What you need to do: An exact reproduction is needed of every line from the beginning of the data down to and including the line that contains "Liberación Nacional (PLN), Unidad", minus the pictures.

Data extract:
|---|

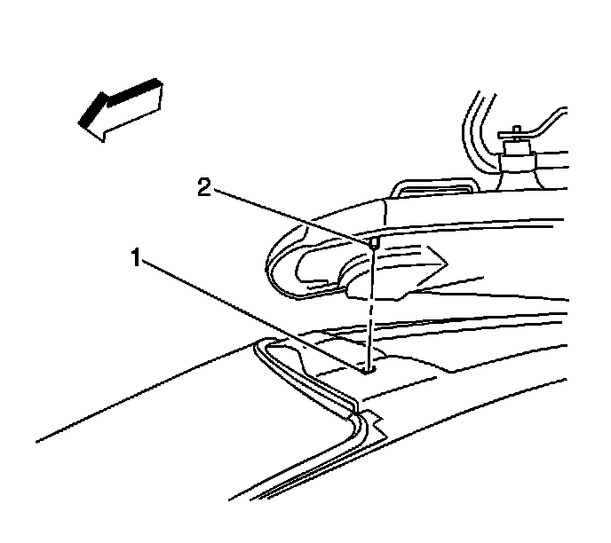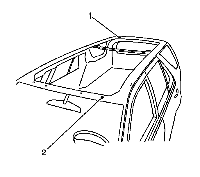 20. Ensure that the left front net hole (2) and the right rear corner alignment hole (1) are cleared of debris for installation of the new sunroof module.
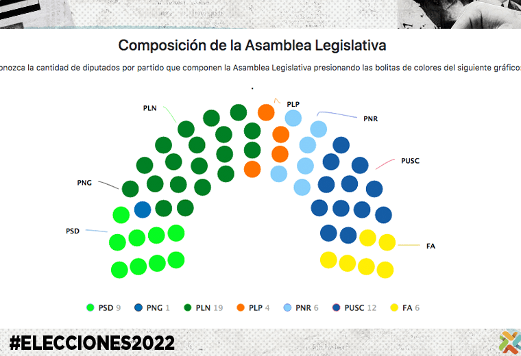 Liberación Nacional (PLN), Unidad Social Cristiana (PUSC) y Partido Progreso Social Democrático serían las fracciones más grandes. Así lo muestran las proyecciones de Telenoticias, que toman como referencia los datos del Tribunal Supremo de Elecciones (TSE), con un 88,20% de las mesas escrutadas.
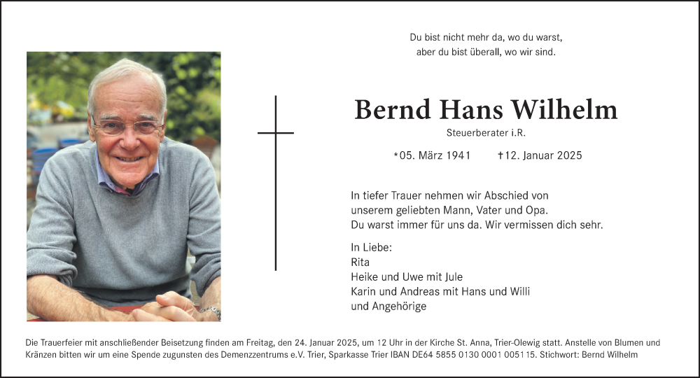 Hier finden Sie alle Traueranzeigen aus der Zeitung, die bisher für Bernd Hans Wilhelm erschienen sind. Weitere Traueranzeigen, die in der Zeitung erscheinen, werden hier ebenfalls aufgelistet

|---|

Output for this task:
 20. Ensure that the left front net hole (2) and the right rear corner alignment hole (1) are cleared of debris for installation of the new sunroof module.
 Liberación Nacional (PLN), Unidad Social Cristiana (PUSC) y Partido Progreso Social Democrático serían las fracciones más grandes. Así lo muestran las proyecciones de Telenoticias, que toman como referencia los datos del Tribunal Supremo de Elecciones (TSE), con un 88,20% de las mesas escrutadas.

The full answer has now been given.